Simplify deployment by creating node templates
Sahara makes it possible to create templates from which it can deploy as many or as few nodes as your cluster needs. You can easily mix and match roles for a node, perhaps creating a master node that runs the namenode, secondarynamenode and jobtracker processes, a worker node running the datanode and tasktracker processes, and pure storage nodes running datanode.
Sahara provides the ability to create templates that specify:
- Roles a node is to play.
- Flavor for the OpenStack VM on which the node should run.
- Type of storage (Cinder volume/emphemeral drive) it should use.
- IP pool from which to draw.
- HDFS parameters (for storage nodes).
- MapReduce parameters (for jobtracker and tasktracker nodes).
Easily scale your cluster up and down
When it’s time to grow your cluster, Sahara makes it simple. Instead of struggling to create and configure new nodes, Sahara gives you the ability to simply add node types using a convenient interface. You can also remove nodes and easily redeploy, providing just the right computing power for your cluster’s needs.

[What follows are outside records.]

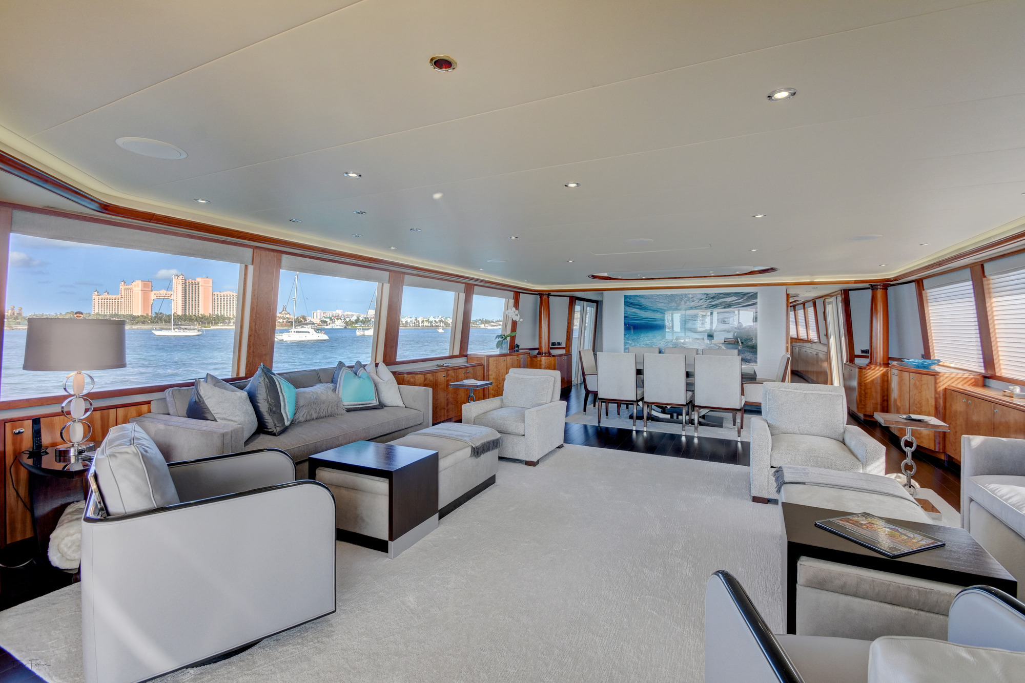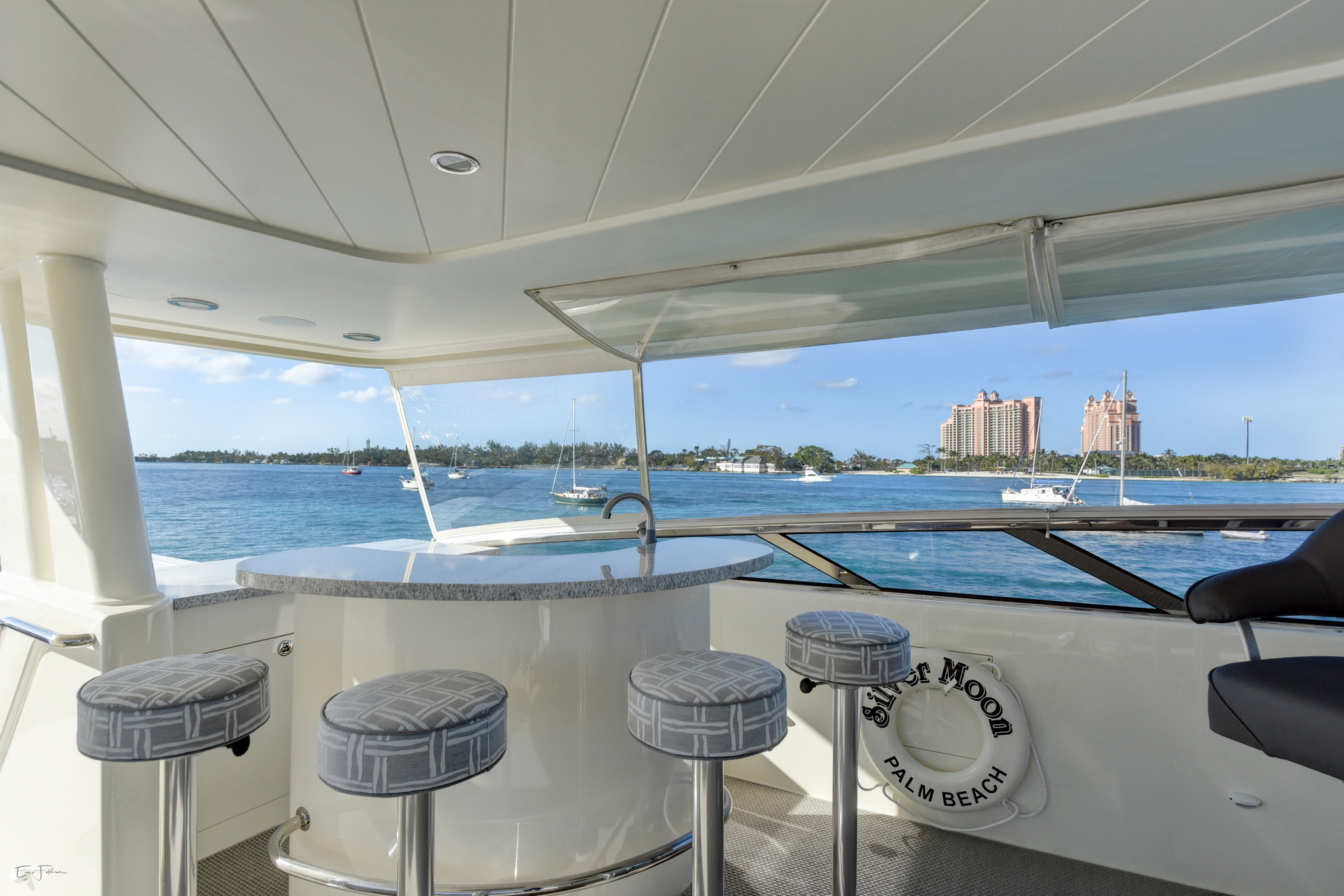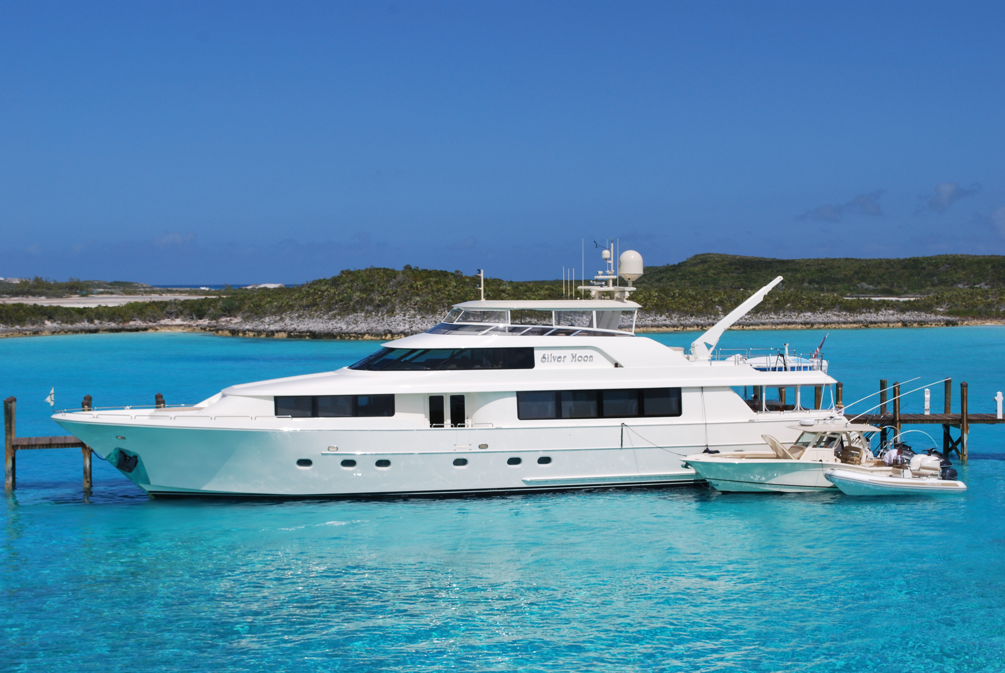Motor yacht SILVER MOON was designed by Jack Sarin Naval Architects and built by Westport shipyard of the USA in 2004 and underwent an extensive refit in 2017. M/Y SILVER MOON measures 34.11m (112ft) and is available for charter for up to 8 guests in the Bahamas year round. Charter yacht SILVER MOON has a contemporary warm interior. The salon and dining are an open plan, the relaxing lounge is aft and offers a plush sofa on the starboard side and 2 reclining leather chairs on the port. Cream carpets and ceilings enhance the warm wood panels, large panoramic windows allow ample natural in light creating a spacious yet cozy ambiance. Forward of the lounge a sophisticated clear glass oval dining table is flanked by 8 high back suede chairs ideal for both formal and informal occasions. Guest accommodation aboard the M/Y SILVER MOON is accessed forward of the salon and dining below decks through a stylish foyer. Motor yacht SILVER MOON has plenty of deck space to relax, soak up the sun and entertain. The aft deck is adjacent to the salon and offers an alfresco dining option, built in custom seating. Dual stairways on port and starboard lead to the extended swim platform and water toys area. Side decks wrap around the yacht offering easy access to the foredeck and a unique built in circular seating area and sunpad.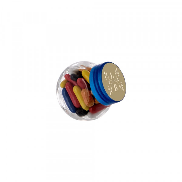 Micro glazen potje 50 ml met blauw deksel, voorzien van een full colour sticker op het deksel en gevuld met Dropstaafjes mix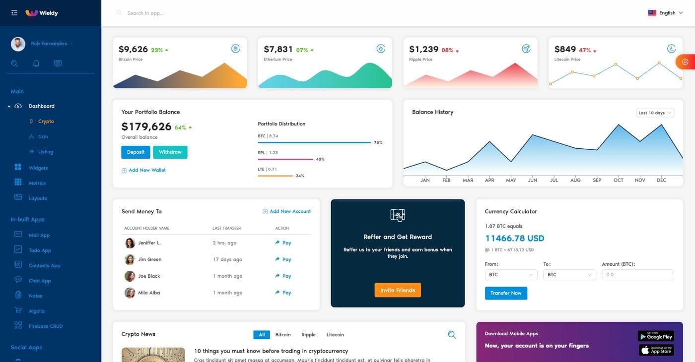 In every React admin template on this list, you’ll find more than one layout option. For some, that just means having the navigation panel on the left or right. Wieldy is the only React admin template on this list to offer 10 different layout options. You can choose to have a clean layout with the admin panel behind a hamburger menu or move the panel to the top, and you also have clear control over what data and menu options are displayed in the panel.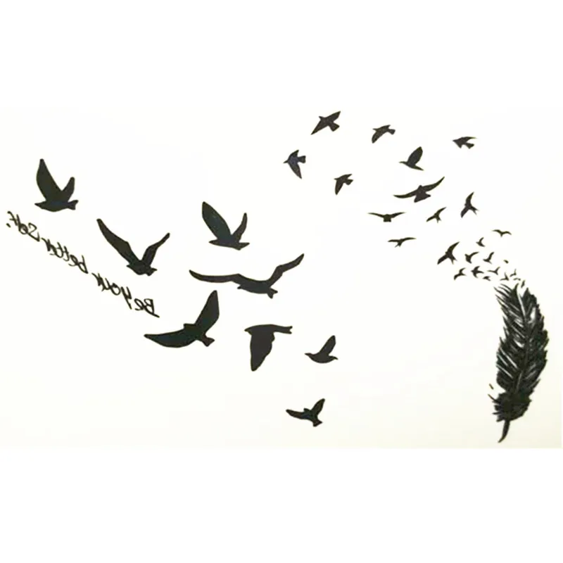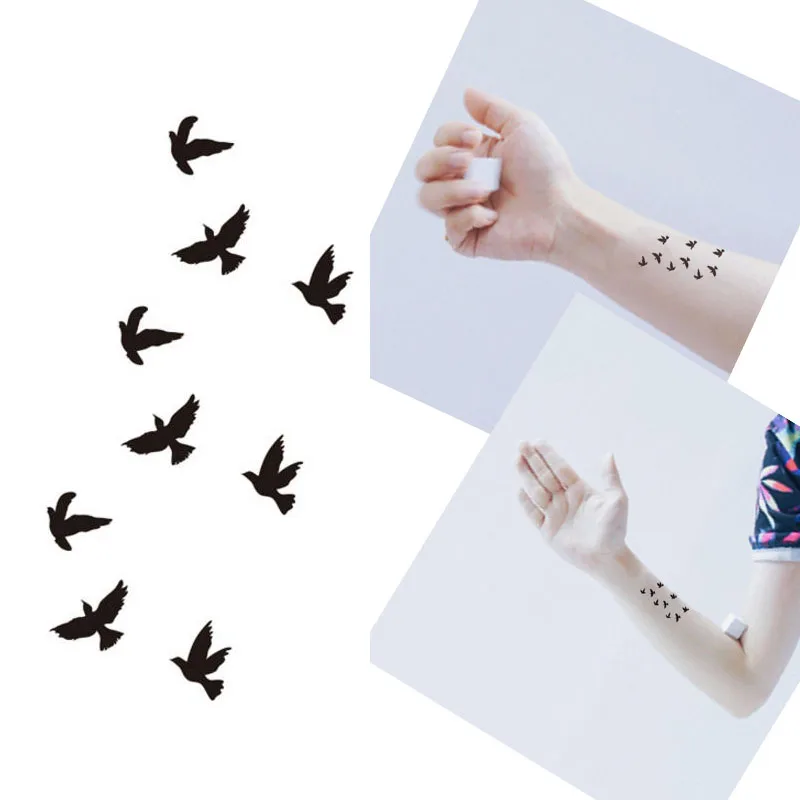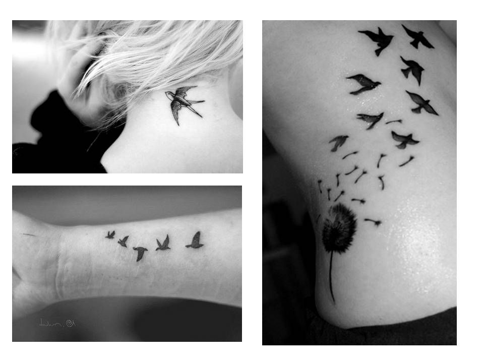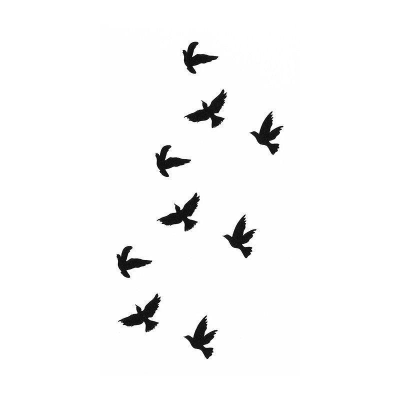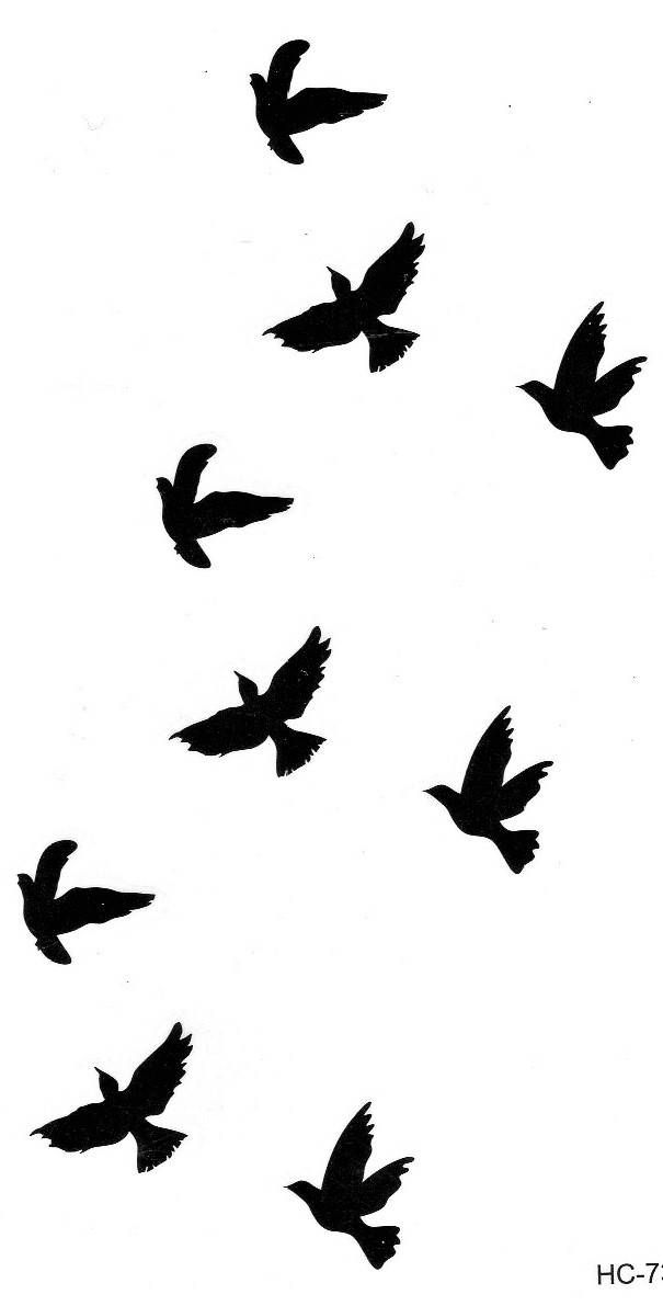 Птицы всегда были символом свободы, для птиц нет преград для пути, они не подвержены земному притяжению и могут отправится, куда им вздумается. Птички ассоциируются с перемещениями и путешествиями, ведь некоторые виды целой стаей проделывают каждый год огромный путь в южные страны, чтобы перезимовать. Тату стая птичек поможет украсить судьбу путешественников и любителей приключений. Этот рисунок говорит не просто о свободе в перемещениях в пространстве, но и о свободе выбора своего жизненного пути. Это возможность не просто мечтать, но и следовать своей мечте и добиваться поставленных целей не смотря на трудности и препятствия. Чтобы изобразить стаю, обычно делают тату маленьких птичек одного цвета, чаще всего черного с полной заливкой.

Get control of your Hadoop environment
While Sahara takes the pain out of provisioning a Hadoop cluster, it doesn’t tie your hands when it comes to control. Sahara enables you to:
- Decide whether to create clusters using the UI, or integrate Sahara with your own applicaton via the convenient API.
- Choose from among multiple Hadoop distributions, including the Hortonworks Data Platform (HDP) and the Cloudera Hadoop Distribution (CHD).
- Implement Apache Spark jobs.
- Enable anti-affinity based on roles, so that different processes of the same type are running on different physical hosts to provide increased stability and performance.
- Easily configure HDFS and MapReduce parameters at both the node and cluster level.
- Specify a base image to be loaded on images at provisioning time.
- Select a keypair to use for logging in to instances.
Under the hood
Sahara is tightly integrated with core OpenStack services such as Keystone, Glance, Horizon, and Nova, and is moving towards integration with other services such as Heat and Trove. It supports the native OpenStack APIs, which gives you the opportunity to either provide users with the Horizon GUI to provision Hadoop environments and run elastic data processing operations or code to them directly.